Reply to Martin and Grasemann: Is There a Role for Lumacaftor/Ivacaftor in Young Children with Cystic Fibrosis?回复马丁和格拉泽曼：鲁马卡托/依伐卡托对患有囊性纤维化的幼儿有作用吗？

Ann Am Thorac Soc. 2025 Mar;22(3):469-470. doi: 10.1513/AnnalsATS.202411-1237LE.

2

Long-term safety of lumacaftor-ivacaftor in children aged 2-5 years with cystic fibrosis homozygous for the F508del-CFTR mutation: a multicentre, phase 3, open-label, extension study.在囊性纤维化跨膜传导调节因子（CFTR）基因 F508del 纯合突变的 2-5 岁儿童中， lumacaftor-ivacaftor 的长期安全性：一项多中心、3 期、开放性、扩展研究。

Lancet Respir Med. 2021 Sep;9(9):977-988. doi: 10.1016/S2213-2600(21)00069-2. Epub 2021 May 6.

3

Correctors (specific therapies for class II CFTR mutations) for cystic fibrosis.囊性纤维化的校正剂（针对II类CFTR突变的特异性疗法）

Cochrane Database Syst Rev. 2018 Aug 2;8(8):CD010966. doi: 10.1002/14651858.CD010966.pub2.

4

Safety, pharmacokinetics, and pharmacodynamics of lumacaftor and ivacaftor combination therapy in children aged 2-5 years with cystic fibrosis homozygous for F508del-CFTR: an open-label phase 3 study.在囊性纤维化跨膜电导调节因子纯合子 F508del-CFTR 的 2-5 岁儿童中， lumacaftor 和 ivacaftor 联合治疗的安全性、药代动力学和药效学：一项开放标签的 3 期研究。

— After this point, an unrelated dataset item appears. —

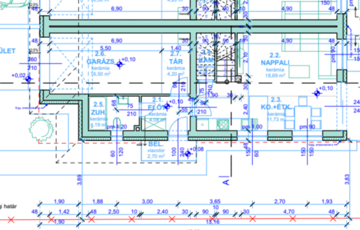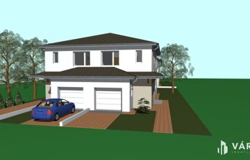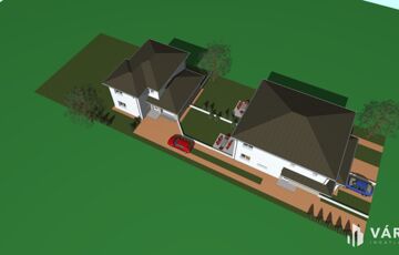 A garázs előtt 5 m előkert került kialakításra, így igény esetén egy további autó felszíni beállása biztosított.

Lancet Respir Med. 2019 Apr;7(4):325-335. doi: 10.1016/S2213-2600(18)30460-0. Epub 2019 Jan 24.

5

Long-term safety and efficacy of lumacaftor-ivacaftor therapy in children aged 6-11 years with cystic fibrosis homozygous for the F508del-CFTR mutation: a phase 3, open-label, extension study.针对携带F508del-CFTR突变纯合子的6至11岁囊性纤维化儿童，鲁马卡托-依伐卡托治疗的长期安全性和有效性：一项3期开放标签扩展研究。

Lancet Respir Med. 2021 Jul;9(7):721-732. doi: 10.1016/S2213-2600(20)30517-8. Epub 2021 Jan 28.

6

Corrector therapies (with or without potentiators) for people with cystic fibrosis with class II CFTR gene variants (most commonly F508del).针对具有 II 类 CFTR 基因突变（最常见的是 F508del）的囊性纤维化患者的校正治疗（含或不含增效剂）。

Cochrane Database Syst Rev. 2020 Dec 17;12(12):CD010966. doi: 10.1002/14651858.CD010966.pub3.

7

Lumacaftor/Ivacaftor in Patients Aged 6-11 Years with Cystic Fibrosis and Homozygous for F508del-CFTR.鲁马卡托/依伐卡托用于6至11岁患有囊性纤维化且F508del-CFTR基因纯合的患者。

Am J Respir Crit Care Med. 2017 Apr 1;195(7):912-920. doi: 10.1164/rccm.201608-1754OC.

8

A Phase 3, Open-Label Study of Lumacaftor/Ivacaftor in Children 1 to Less Than 2 Years of Age with Cystic Fibrosis Homozygous for .一项评估 Lumacaftor/Ivacaftor 在 1 岁以下囊性纤维化纯合子患儿中的疗效和安全性的 3 期、开放标签研究。

Am J Respir Crit Care Med. 2022 Nov 15;206(10):1239-1247. doi: 10.1164/rccm.202204-0734OC.

9

Lumacaftor-Ivacaftor in Patients with Cystic Fibrosis Homozygous for Phe508del CFTR.鲁马卡托-依伐卡托用于携带苯丙氨酸508位缺失CFTR基因纯合突变的囊性纤维化患者。

N Engl J Med. 2015 Jul 16;373(3):220-31. doi: 10.1056/NEJMoa1409547. Epub 2015 May 17.

10

A CFTR corrector (lumacaftor) and a CFTR potentiator (ivacaftor) for treatment of patients with cystic fibrosis who have a phe508del CFTR mutation: a phase 2 randomised controlled trial.一种用于治疗携带 phe508del CFTR 突变的囊性纤维化患者的 CFTR 校正剂（芦卡帕替尼）和 CFTR 增强剂（依伐卡托）：一项 2 期随机对照试验。

Lancet Respir Med. 2014 Jul;2(7):527-38. doi: 10.1016/S2213-2600(14)70132-8. Epub 2014 Jun 24.

本文引用的文献

1

Long-Term Impact of Lumacaftor/Ivacaftor Treatment on Cystic Fibrosis Disease Progression in Children 2-5 Years of Age Homozygous for : A Phase 2, Open-Label Clinical Trial.鲁马卡托/依伐卡托治疗对2至5岁纯合子囊性纤维化患儿疾病进展的长期影响：一项2期开放标签临床试验。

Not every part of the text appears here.